In the "Binge!" article of Entertainment Weekly Issue #1343-44 (26 December 2014–3 January 2015), the writers picked And Then There Were None as an "EW favorite" on the list of the "Nine Great Christie Novels".[14]

Current published version of the rhyme

Ten little Soldier Boys went out to dine;
One choked his little self and then there were nine.

Nine little Soldier Boys sat up very late;
One overslept himself and then there were eight.

Eight little Soldier Boys travelling in Devon;
One said he'd stay there and then there were seven.[15]

Seven little Soldier Boys chopping up sticks;
One chopped himself in halves and then there were six.

Six little Soldier Boys playing with a hive;
A bumblebee stung one and then there were five.

Five little Soldier Boys going in for law;
One got in Chancery and then there were four.

Four little Soldier Boys going out to sea;
A red herring swallowed one and then there were three.

Three little Soldier Boys walking in the zoo;
A big bear hugged one and then there were two.

Two little Soldier Boys sitting in the sun;
One got frizzled up and then there was one.[16]

One little Soldier Boy left all alone;
He went out and hanged himself and then there were none.[17]

19th-century original verses

This children's rhyme was originally written as songs in the 19th century, one in Britain in 1869[18] and one in the US in 1868.[19]

1869 & 1868 verses
Ten Little Niggers
(Frank Green)[18]
Ten Little Indians
(Septimus Winner)[19]

Ten little nigger boys went out to dine
One choked his little self, and then there were nine.

Nine little nigger boys sat up very late
One overslept himself, and then there were eight.

Eight little nigger boys traveling in Devon
One said he'd stay there, and then there were seven.

Seven little nigger boys chopping up sticks
One chopped himself in half, and then there were six.

Six little nigger boys playing with a hive
A bumble-bee stung one, and then there were five.

Five little nigger boys going in for law
One got in chancery, and then there were four.

Four little nigger boys going out to sea
A red herring swallowed one, and then there were three.

Three little nigger boys walking in the zoo
A big bear hugged one, and then there were two.

Two little nigger boys sitting in the sun
One got frizzled up, and then there was one.

One little nigger boy living all alone
He went and hanged himself and then there were none.

Ten little Injuns standin' in a line,
One toddled home and then there were nine;

Nine little Injuns swingin' on a gate,
One tumbled off and then there were eight.

Refrain :
One little, two little, three little, four little, five little Injuns boys,
Six little, seven little, eight little, nine little, ten little Injuns boys.

Eight little Injuns gayest under heav'n,
One went to sleep and then there were seven;

Seven little Injuns cutting up their tricks,
One broke his neck and then there were six.

Six little Injuns kickin' all alive,
One kick'd the bucket and then there were five;

Five little Injuns on a cellar door,
One tumbled in and then there were four.

Four little Injuns up on a spree,
One he got fuddled and then there were three;

Three little Injuns out in a canoe,
One tumbled overboard and then there were two.

Two little Injuns foolin' with a gun,
One shot t'other and then there was one;

One little Injun livin' all alone,
He got married and then there were none.

Publication history

This novel has a long and noteworthy history of publication.
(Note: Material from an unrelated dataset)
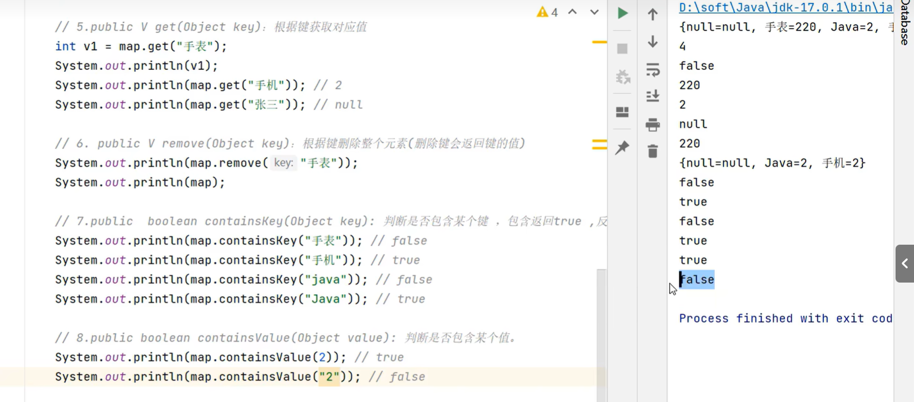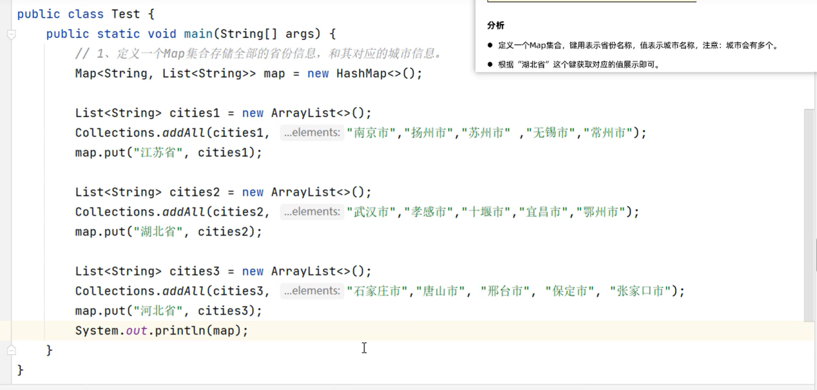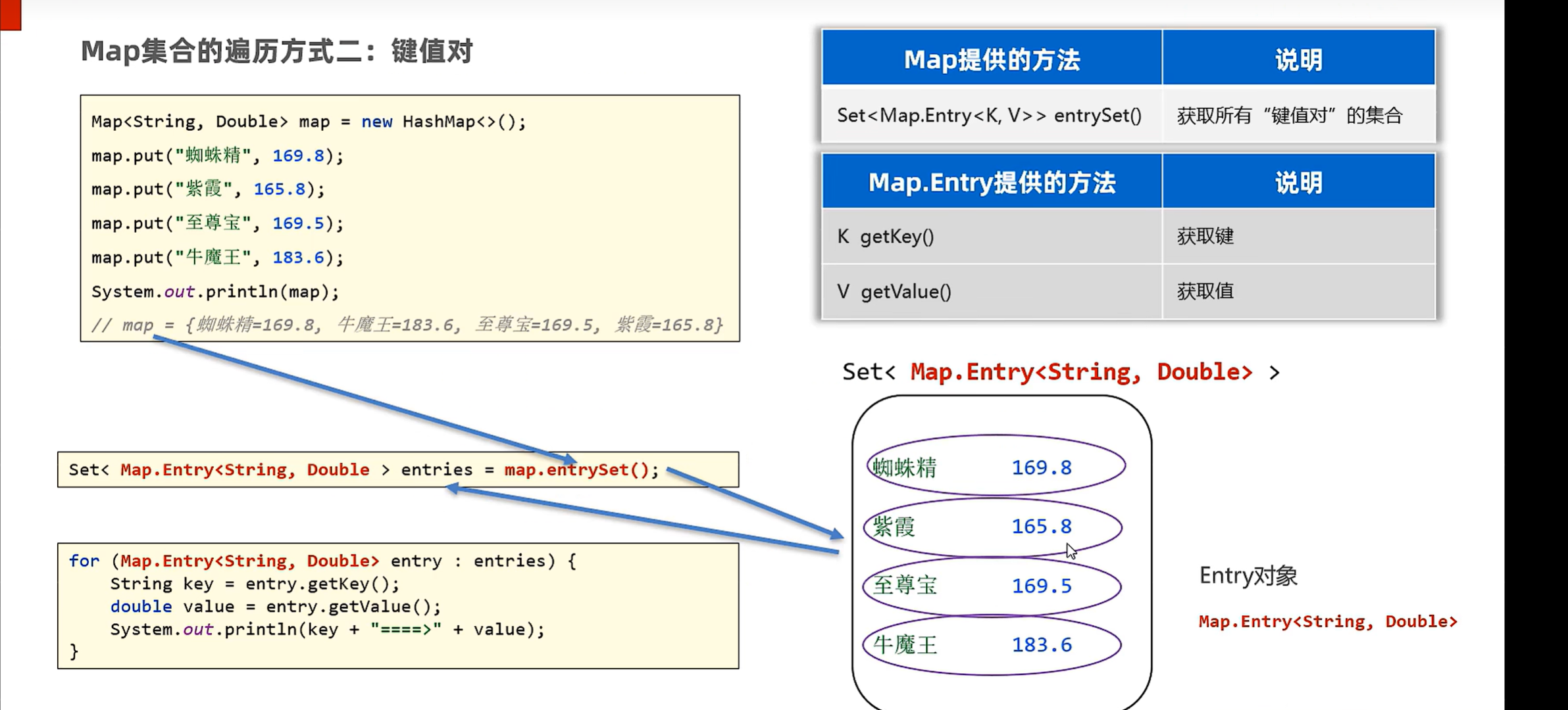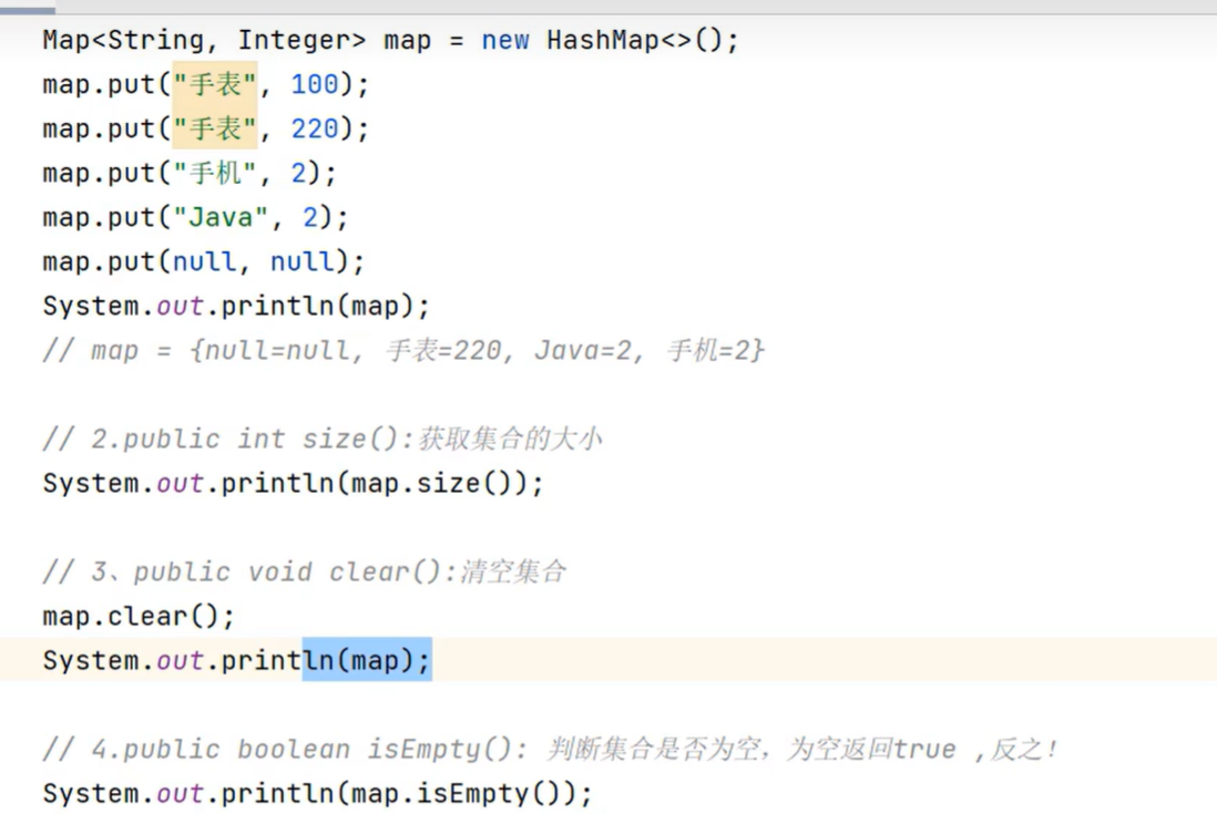 public class BIANLIMAP {public static void main(String[] args) {Map<String , Double> map = new HashMap<>();map.put("A", 1.0);map.put("B", 2.0);map.put("C", 3.0);map.put("D", 4.0); map.put("E", 5.0);System.out.println(map);Set<Map.Entry<String, Double>> entries = map.entrySet();for (Map.Entry<String, Double> entry : entries) {String key = entry.getKey();Double value = entry.getValue();System.out.println(key + ":" + value);}}

It is a continuously best selling novel in English and in translation to other languages since its initial publication. From the start, in English, it was published under two different titles, due to different sensitivity to the author's title and counting-rhyme theme in the UK and in the US at first publication.

The title

The novel was originally published in late 1939 and early 1940 almost simultaneously, in the United Kingdom and the United States. In the UK it appeared under the title Ten Little Niggers, in book and newspaper serialized formats. The serialization was in 23 parts in the Daily Express from Tuesday 6 June to Saturday 1 July 1939. All of the instalments carried an illustration by "Prescott" with the first having an illustration of Burgh Island in Devon which inspired the setting of the story. The serialized version did not contain any chapter divisions.[20] The book retailed for seven shillings and six pence.

In the United States it was published under the title And Then There Were None, in both book and serial formats. Both of the original US publications changed the title from that originally used in the UK, due to the offensiveness of the word in American culture, where it was more widely perceived as a racially loaded ethnic slur or insult compared to the contemporaneous culture in the United Kingdom. The serialized version appeared in the Saturday Evening Post in seven parts from 20 May (Volume 211, Number 47) to 1 July 1939 (Volume 212, Number 1) with illustrations by Henry Raleigh, and the book was published in January 1940 by Dodd, Mead and Company for $2.[4][5][6]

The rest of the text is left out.